6.1.67. Господи, помилуй! Ну что дашь — что из меня такого выжмешь

Итак, мы выходим изо рта. Ибо и речь, слово нельзя понять по рту лишь, хоть в этой камере звук образуется, — но в связи с чем-то, к чему переходим

Отдам отчет в затруднении — может, так и выберусь. Что меня смущает? Что то, к чему перехожу, не знаю: так ли назвать — «свет»? Но ведь и до сих пор я работал с готовыми, а не мной выделяемыми началами: земля, вода, воздух, огонь. Так что могу и «свет» взять сверху

Второе затруднение — в теле не могу найти теперь седалища. До сих пор находил: для земли — низ, для воды — живот, для воздуха — легкие, для огня — сердце. Так же мог рассматривать каждую стихию в двух планах: отношение: земля внутри и земля во вне — раз, а второе: отношение земли внутри к огню внутри и т. д. — т. е. все стихии были и жили и внутри тела, и его можно было рассматривать как автономный космос

Но вот перехожу к свету — и вижу его во вне, вокруг, как стихию, а в теле не вижу ему места и дела. Хотя — постой! Вот я гляжу вперед — и простор: поля, деревья, дети, белое и слегка янтарное зимнее небо. Гляжу — и я исчез: нет меня. Подумал об этом. Закрыл глаза — упали веки, и все исчезло; значит, вот он, я, я этот вид произвожу. Исчез мир вокруг, зато мысль заработала — вот, значит, представитель света во мне! — и пошли от нее касания и сигналы в любую точку: в ноги, в волосок, в пах, в зубы, в память только что бывшего вида

Так, может, вот в чем свет и его дело во мне: свет на меня

падает снопом лучей, с неба, сверху и вокруг (обходит меня) бросает и просвечивает. И ум во мне — это луч. Его пути и направления: вертикаль и круг. К вертикали в нас имеют отношение земля и огонь. Луч падает сверху вниз — в направлении земли; но не оттого, что он притягивается, а оттого, что отсылается вниз. Если бы он падал вниз под действием притяжения, то он бы темнел и заземлялся, земле поддавался. На самом же деле самый чистый характер луч имеет не вверху, в небе, у солнца (где он видим и веществен), но когда мы закроем глаза и мыслью извлечем, разбудим какую-то дремлющую отягченную клетку в ступне или междупалье — т. е. просветим ее насквозь.

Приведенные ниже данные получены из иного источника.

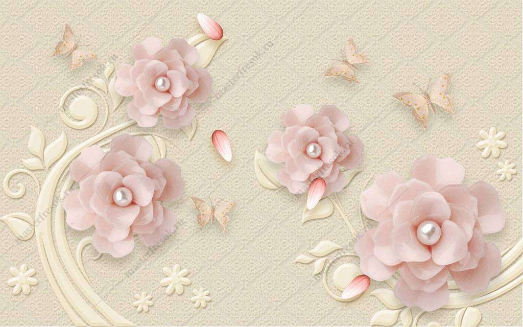 Бесшовные обои на стену: 3д розовые цветы. Артикул: 10-632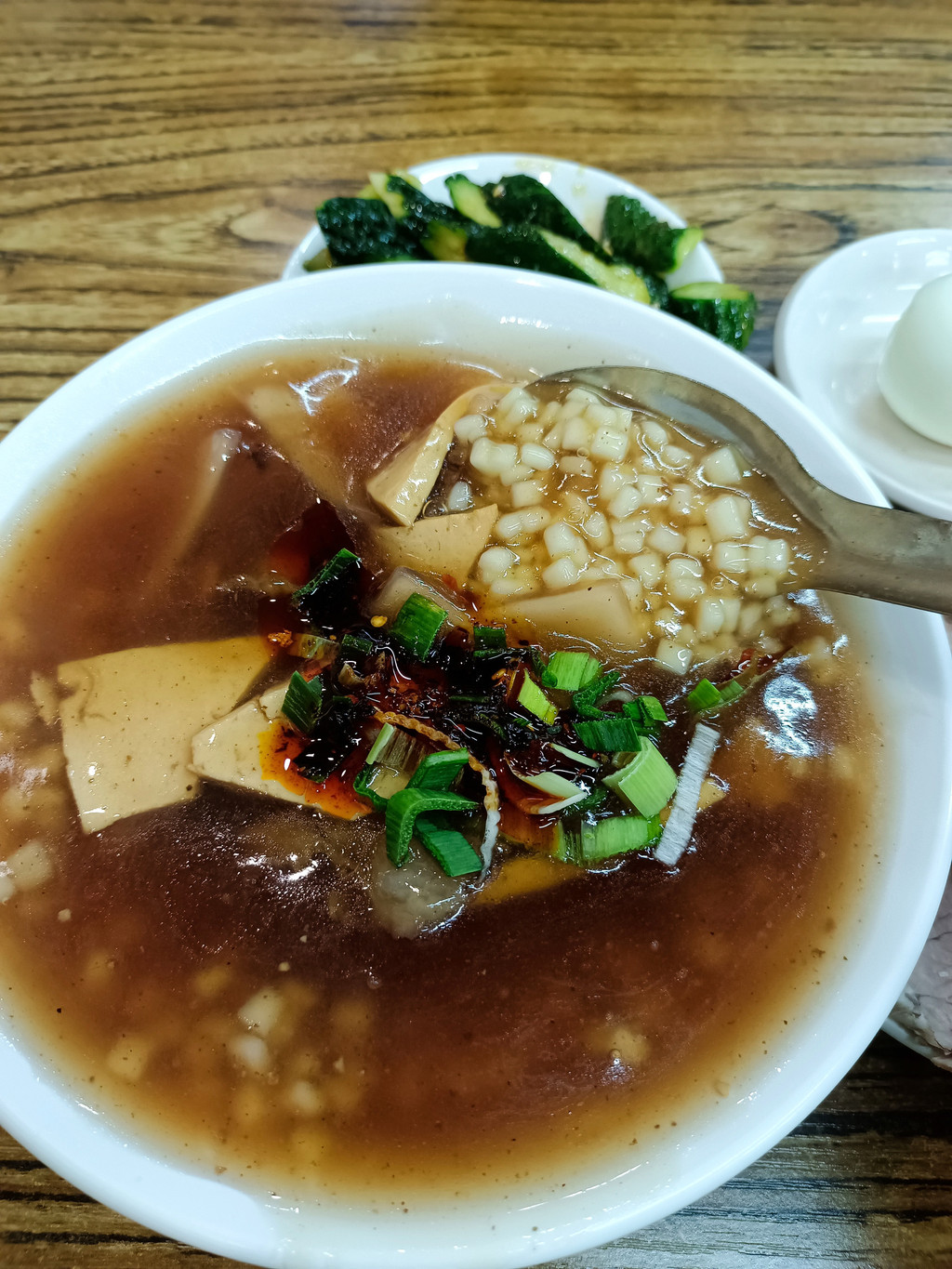 虽然吃的是“魏家凉皮”,但天气有点凉,于是点了热米皮,也算是西北特色了,毕竟凉皮到处都有,热米皮可不常见,还挺好吃的。

Значит, свет падает на землю и входит в тело не чтоб заземляться, а чтоб максимально просветлеть: если импульс луча света вверху (солнце, мозг), то торжествующий луч — не тот, что выходит из кроны, но тот, что проник к антиподам1. И в этом смысле луч подобен! Вот почему уму так интересно ковыряться в букашках, микрочастицах, в отношениях души и тела — в аффектах, в природе вещей, в материи и т. д. То есть его торжество и призвание — в освещении низового: именно перед лицом материи ум — чистый, невещественный, тогда как в умозрении Бога, неба, света — он эфирен, спутан с предметом: обманут тонкостью вещества у предмета мысли. Потому в отношении Бога и родины луча, исходящего из корня кроны, наше отношение это радость, блаженство, счастье, любовь (как при чувстве родины), но уму там нечего делать; ему же пристало: помолясь в любви о даровании сил от кроны (муз, Бога), делом низового освещения — материи, опытного знания — заняться

Так, в «Кабус Намэ» (гл. 1) сказано: «Помышляйте о богатствах аллаха, но не помышляйте о сущности его. Ибо сильнее всего сбивается с пути тот, кто ищет пути там, где его нет. Ибо познающим всевышнего ты станешь тогда, когда перестанешь познавать».. Но возможен и другой поворот, который Тютчев выразил в стихотворении:

Душа хотела б быть звездой, Но не тогда, как с неба полуночи Сии светила, как живые очи, Глядят на сонный мир земной, Но днем, когда, сокрытые как дымом Палящих солнечных лучей, Они, как божества, горят светлей В эфире чистом и незримом

То есть самый тонкий, невещественный характер свет-ум имеет не перед лицом тьмы, но рядом со своим ближайшим подобием: солнечным светом. Если сумеешь здесь их различить — то самую глубокую истину постигнешь языку пламени: наиболее ярок огонь не в той точке, где исходит из горячего дерева, но ярчеет к концу языка. Конец у луча и наибольшая (невещественная) яркость — внизу, а у языка огня — вверху. Это оттого, что огонь — похищен (или убежал, т. е. особая воля в него вселена) и рвется домой, страдает здесь, на земле, вечно недоволен. А луч — ниспослан, кроток, всегда себе равен, своей воли не имеет, оттого безмятежен и не страдает. Он всегда при себе (скорость света — мировая константа, как Бог, постоянна), сразу ощущает свой один конец у короны солнца, а другой — здесь, в чешуйке рыбы. Так и мысль наша одновременность всего нашего бытия являет: мыслью мы чувствуем сразу и мозг свой, и кончик пальца. Луч — пребывает, как град Божий, везде, и он вневременен и неподвижен

Итак, вот назначение ума в нас и света в мире: среди клубления и свистопляски движений, превращений, недовольств и стремлений веществ, стихий (земли, воды, воздуха и огня) являть константу, пребывание, истину («естину», т. е. то, что есть, а не было или будет), пребывать свободно от времени, а следовательно, и от наших огневых различении, отгранений, и определений: «единое», «двоица», «множество». То есть все это в уме содержаться может — так же, как в свете могут пребывать и гора, и река, и ветер; но это его игровые карточные домики, ум может обходиться в мысли, понимании и созерцании истины — и без них. Итак, если отдать умозрение свету, то его можно представить с точки зрения распяливающей человека вертикали: земля — огонь — как ровный световой столп, луч неподвижный, т. е., точнее. не обязанный двигаться и не обязанный не двигаться, без отношения к противоположению: движение — покой; это все различения на уровне: земля (покой) — огонь (движение)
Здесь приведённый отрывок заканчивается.